Tide is turning for commercial real estate in…


As inflation cools from 2022 peaks and central banks approach the end of their rate hike cycles, the real estate services firm forecasts that the property sector will bottom out, with markets and sectors moving into a more positive trajectory at different paces behind the headline figures.
Sukhdeep Dillon, head of EMEA Forecasting, Cushman & Wakefield, said: ‘As we look ahead to 2024, our forecasts indicate commercial real estate markets are approaching an inflection point after a turbulent period. Though economic growth remains subdued for now, the tide seems poised to turn.’
While risks like persistent inflation remain, baseline forecasts point to measured expansion rather than recession in Europe, he added. ‘The diminished level of transactions in numerous markets has led to a slower phase of price determination, particularly for the office sector. But we are beginning to witness swifter price adjustments taking place in the more liquid markets, such as in the UK and the Netherlands. As rate hikes end and cuts commence around Q3 2024, we expect to see a bottoming out for valuations.’
2024 is shaping up as the early stages of recovery. Dillon: ‘Investors with a medium-term outlook should feel increasingly confident deploying capital as the market stabilises. The challenges of the past 18 months will give way to renewed optimism by this time next year. Nevertheless, it is paramount to have a thorough understanding of the sector to capitalise on opportunities for both occupiers and investors.’
Offices: quality over quantity
Despite overall reduced demand across the European office market, over half of leasing is now for Grade A space. As companies embrace hybrid models with core in-office days, buildings with the trifecta of good location, excellent facilities, and sustainable credentials continue to be favoured, highlighting the divergence towards quality that has occurred since 2020.
Looking to the future, space needs to continue to evolve, and flexibility remains paramount. In turn, this has seen an uptick in ‘option space’ lease agreements, with over a third of London leases over 50,000 ft2 signed between 2020 and H1 2023 having expansion options.
Over the coming years, buildings with strong ESG credentials will become the standard, not the exception. However, with 76% of offices potentially obsolete by 2030 on ESG grounds, the current still-resilient leasing demand for quality space, means that there exists a value-add for investors willing to transform offices to match the new paradigm.

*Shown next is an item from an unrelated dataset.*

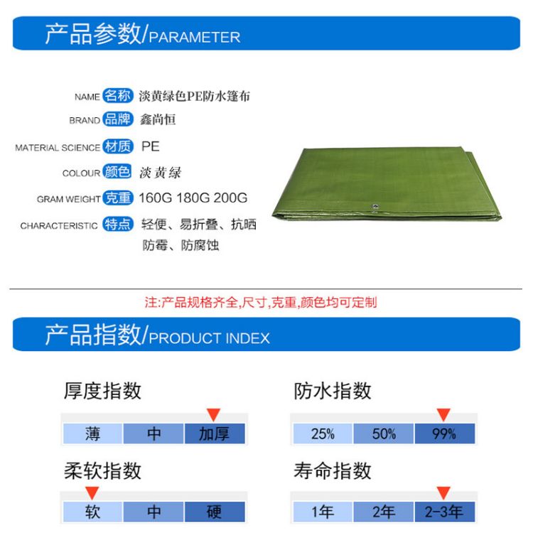 淡黃綠色PE防水篷布PE材質(zhì)雙面防水,面料升級,防雨不漏水,防曬抗老化,有效隔離水珠,做工精良使用壽命長,立體包邊加厚設(shè)計,編織密度高耐撕拉。
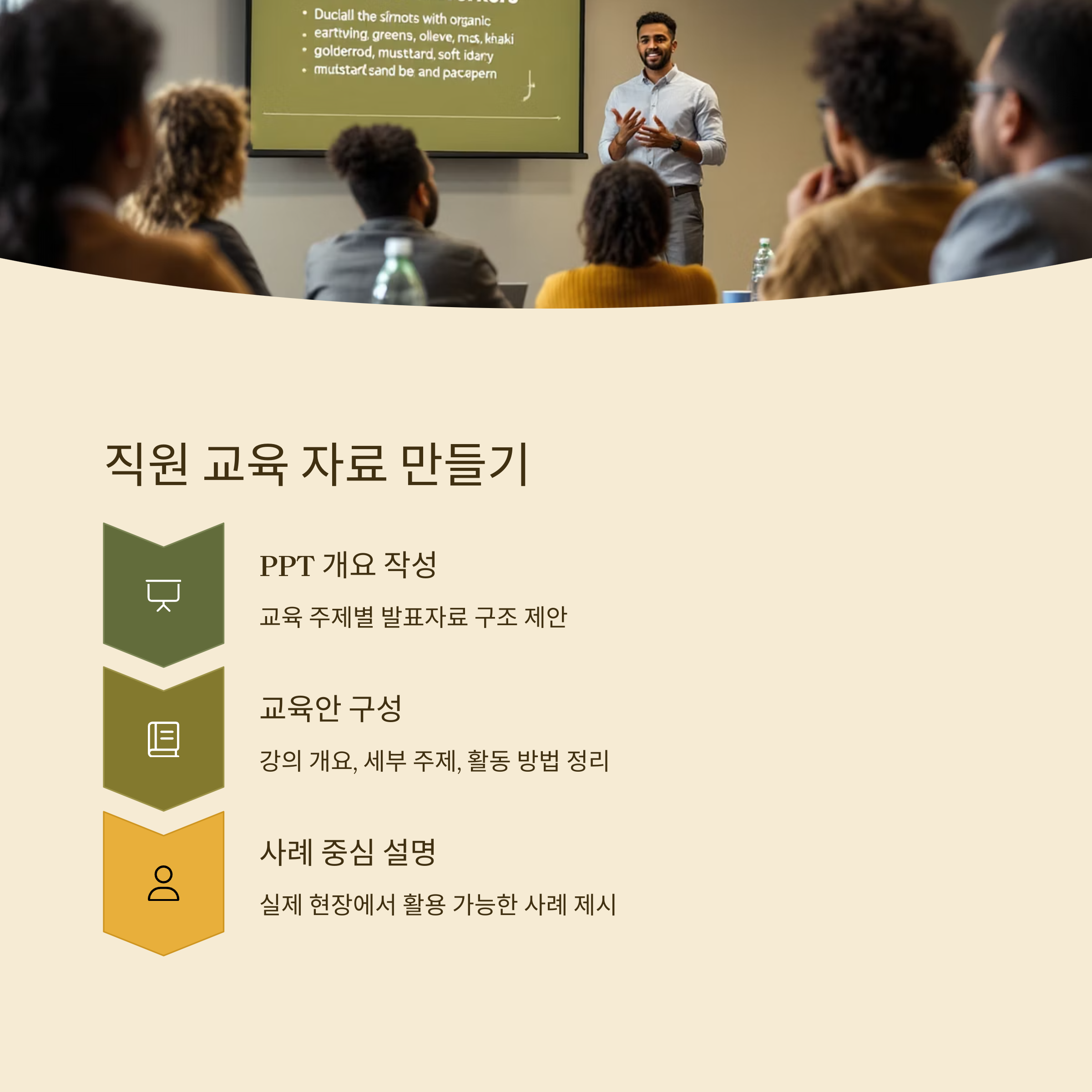 A. 가능합니다. PPT 개요, 교육안, 사례 중심 설명 등 다양하게 활용할 수 있습니다

Logistics: 2024 take-up expected to reach pre-pandemic levels
After exceptional growth during the pandemic, European logistics occupier activity notably decelerated in 2023, with economic uncertainty prompting caution from businesses. However, the ongoing retail shift to online, nearshoring of manufacturing, and demand for sustainable spaces will continue to fuel medium-to-long-term demand, and 2024 take-up volumes are expected to reach pre-pandemic levels. The expectation of a more meaningful recovery in investment activity is tied to overall confidence in the sector with investors having earmarked capital for investment in logistics and industrial assets based on value-added or opportunistic approaches.
Retail: robust demand for prime assets
Retailers face ongoing economic challenges with stagnant sales volumes not expected to recover until late 2024. As consumers grapple with higher essential costs, discretionary spending has been reduced and tourism still lags pre-pandemic levels, especially from big-spending long-haul visitors.
However, despite headwinds, retailers continue to focus on creating appealing physical spaces, positioned in prime locations, and favouring immersive experiences. It is this emphasis on experiential brand-building that has seen fashion retailers drive 30% of lettings across Europe since 2021. Consequentially, this shift in retailer focus has seen retail rents rebound, sitting either at or above pre-2020 levels for quality engaging, customer-centric spots.
Throughout 2024, capital will primarily orientate towards “essential” assets in robust catchments, directing investment to value-add pricing and strategy. Effective asset management, community engagement, and sustainability improvements will remain crucial to enhancing value. Whilst investors recognise positive occupancy patterns, they remain wary of economic obstacles affecting consumers and retailers and primarily are directing attention towards prime assets.
Living: sustained demand
Non-cyclical demographic factors including an ageing population, declining home-ownership rates, and urbanisation continue to support robust demand and lend to the supply gap that is struggling to keep pace across senior living, private rentals, and student accommodation. While rising construction costs have hampered development, forecasts suggest easing inflation in 2024 could mark a turning point.
Though investment declined in 2023 mirroring other sectors, living transactions consistently comprise 20-25% of volumes in EMEA. After yield expansion in 2023, further outward shifts are expected in early 2024 before values and volumes rebound more firmly from mid-2024 as markets stabilise.